A few days after that, I told her about our decision to get sleeping aid and she was supportive; without telling me “I told you so”. That was one amazing work of grace! Threading through motherhood has taught me how much I do not know and how much I am dependent upon the mercy and grace of God. Learning from my experience with my mother I wonder if I would step on my daughter’s toes when it is her turn to be a mother? God willing, I guess I will find out when the time comes. Meanwhile, it is now time to be present in the moment.

The unsolicited parenting advice from other people is also a rather annoying thing we have to deal with. Everyone seems to be better in parenting my child than me and my husband. For this, we decided to not invest too much emotion in it. People has all the freedom to say whatever they want and I can choose to be polite and just take what is useful and chuck away what’s not. After all, my husband and I are responsible for our child not other people.
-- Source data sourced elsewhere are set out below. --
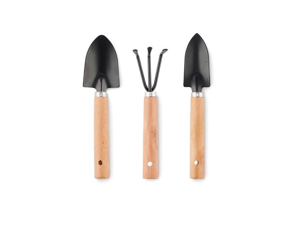 Set drvenog alata u praktičnom pakiranju nezamjenjiv je pomagač pri radu u vrtu i na balkonu. Izdržljiv je i lagan, drvene drške savršeno pristaju u ruku i povećavaju udobnost.
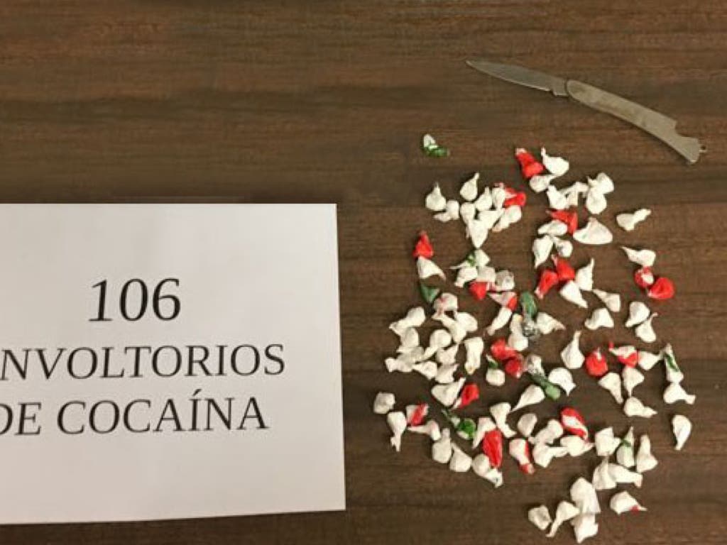 En el cacheo de seguridad, los agentes incautaron una navaja y localizaron en su zona genital un envoltorio de plástico con 106 bolsitas termo-selladas conteniendo una sustancia blanca.
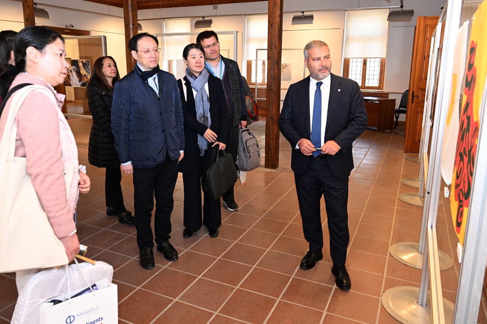 Akademik ziyaretlerin ardından Çinli akademisyenler, Anadolu Üniversitesi Çağdaş Sanatlar Müzesi’ni gezdi. Güzel Sanatlar Fakültesi Dekanı Prof. Dr. Duygu Kahraman eşliğinde gerçekleştirilen ziyarette misafirler, “17. Uluslararası Anadolu Kaligrafi ve Tipografi Etkinliği” kapsamında açılan sergide yer alan eserleri inceleme fırsatı buldu.
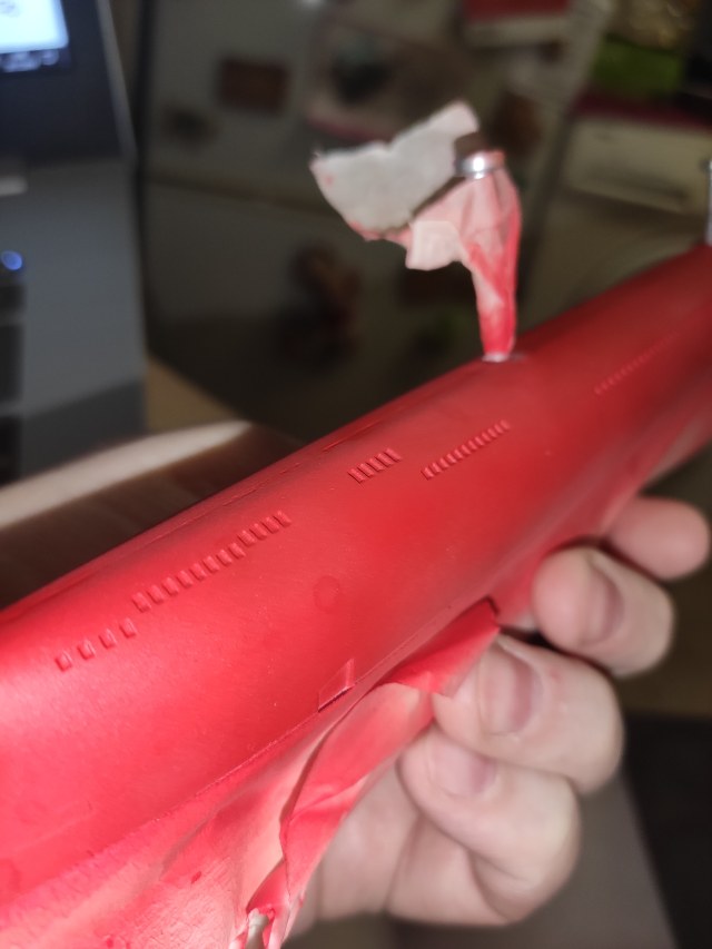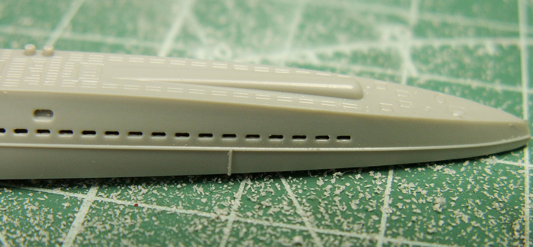 Приветствую. До склейки половин корпуса ВНУТРИ ЗАГОТОВКИ зубной фрезой в гравере (минидрели) выбирается пластик в местах шпигатов. Аккуратно, до очень тонкого. Тут главное найти оптимальную толщину. Затем делается инструмен по форме профиля шпигата (можно подточить гвоздь, мед иглу, стальную проволочку. - что лучше подойдет). И аккуратно продавить этим инструментом тонкий пластик в шпигатах, после подровнять, где нужно, хоть кончиком острого модельного ножа.

Now that my child is physically in my care, I can really say parenting is hard work. I come to appreciate every sacrifices my parents made for me. This new role of mine also opened up my heart to embrace the struggles of work from home mom. I used to think it’s the easier path until I became the main character in this story. Being so used have full control of my time, I am learning everyday to prioritize my child who is genuinely in need of me and whose survival depended on me. I want to give the best chance in life for my child and I want her (and her subsequent siblings hopefully) to grow up with our values. Hence, I am well aware that my husband and I are choosing the narrow path in such a time as this where single income household is almost impossible.

Our child has also inspired us to start a new venture with the aim to encourage parents in our parenting journey. We know now how hard it could be, so why not have some fun by seeing the lighter side of parenthood. Do check out Bountiful Potential for more info. Tell us what do you think about it and how can we serve you better.

We wish every parent grace upon grace as you raise children who are full of potential into great adults. May your journey be filled with joy.